# [Exercise inputs]
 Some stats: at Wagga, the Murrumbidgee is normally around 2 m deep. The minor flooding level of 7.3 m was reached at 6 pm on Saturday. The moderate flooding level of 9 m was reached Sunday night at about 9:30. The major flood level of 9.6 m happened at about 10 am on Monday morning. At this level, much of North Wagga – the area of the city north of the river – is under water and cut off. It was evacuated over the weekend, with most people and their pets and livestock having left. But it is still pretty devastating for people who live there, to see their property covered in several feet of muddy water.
* * *
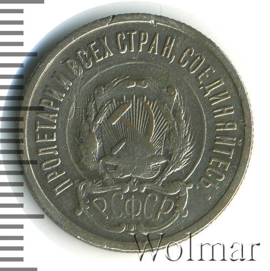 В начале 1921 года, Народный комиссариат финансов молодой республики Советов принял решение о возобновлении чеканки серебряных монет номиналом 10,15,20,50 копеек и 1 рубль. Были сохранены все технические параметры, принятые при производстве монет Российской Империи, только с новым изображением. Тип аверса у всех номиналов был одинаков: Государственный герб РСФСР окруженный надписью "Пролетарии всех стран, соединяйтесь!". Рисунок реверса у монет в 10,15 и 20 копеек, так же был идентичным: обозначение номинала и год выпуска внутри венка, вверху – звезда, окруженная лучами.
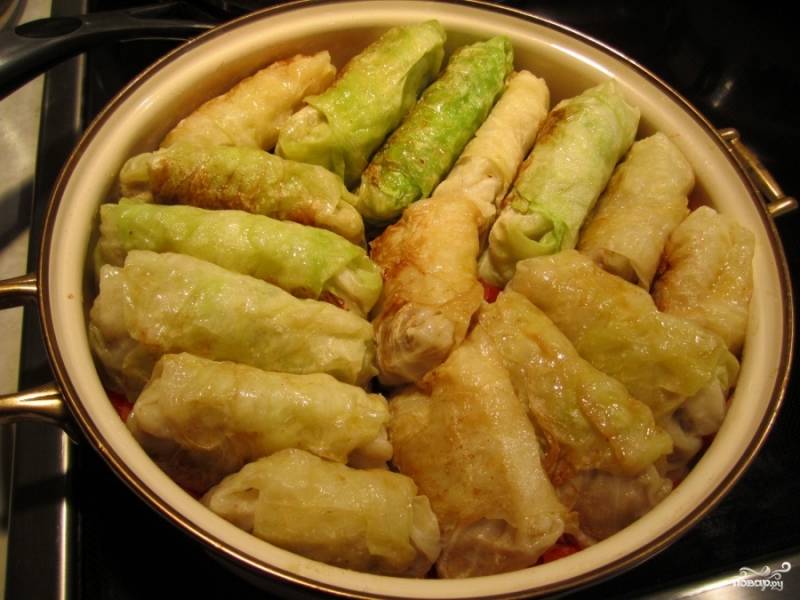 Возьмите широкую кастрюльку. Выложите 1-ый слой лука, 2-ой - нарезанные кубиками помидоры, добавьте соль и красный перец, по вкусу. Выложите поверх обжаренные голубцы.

# [Work to be completed]
From the entries above, copy exactly the lines starting at the one with "В начале 1921" and stopping at the one with "Возьмите широкую кастрюльку.", keeping both ends. Drop the pictures.

# [Response area]
 В начале 1921 года, Народный комиссариат финансов молодой республики Советов принял решение о возобновлении чеканки серебряных монет номиналом 10,15,20,50 копеек и 1 рубль. Были сохранены все технические параметры, принятые при производстве монет Российской Империи, только с новым изображением. Тип аверса у всех номиналов был одинаков: Государственный герб РСФСР окруженный надписью "Пролетарии всех стран, соединяйтесь!". Рисунок реверса у монет в 10,15 и 20 копеек, так же был идентичным: обозначение номинала и год выпуска внутри венка, вверху – звезда, окруженная лучами.
 Возьмите широкую кастрюльку. Выложите 1-ый слой лука, 2-ой - нарезанные кубиками помидоры, добавьте соль и красный перец, по вкусу. Выложите поверх обжаренные голубцы.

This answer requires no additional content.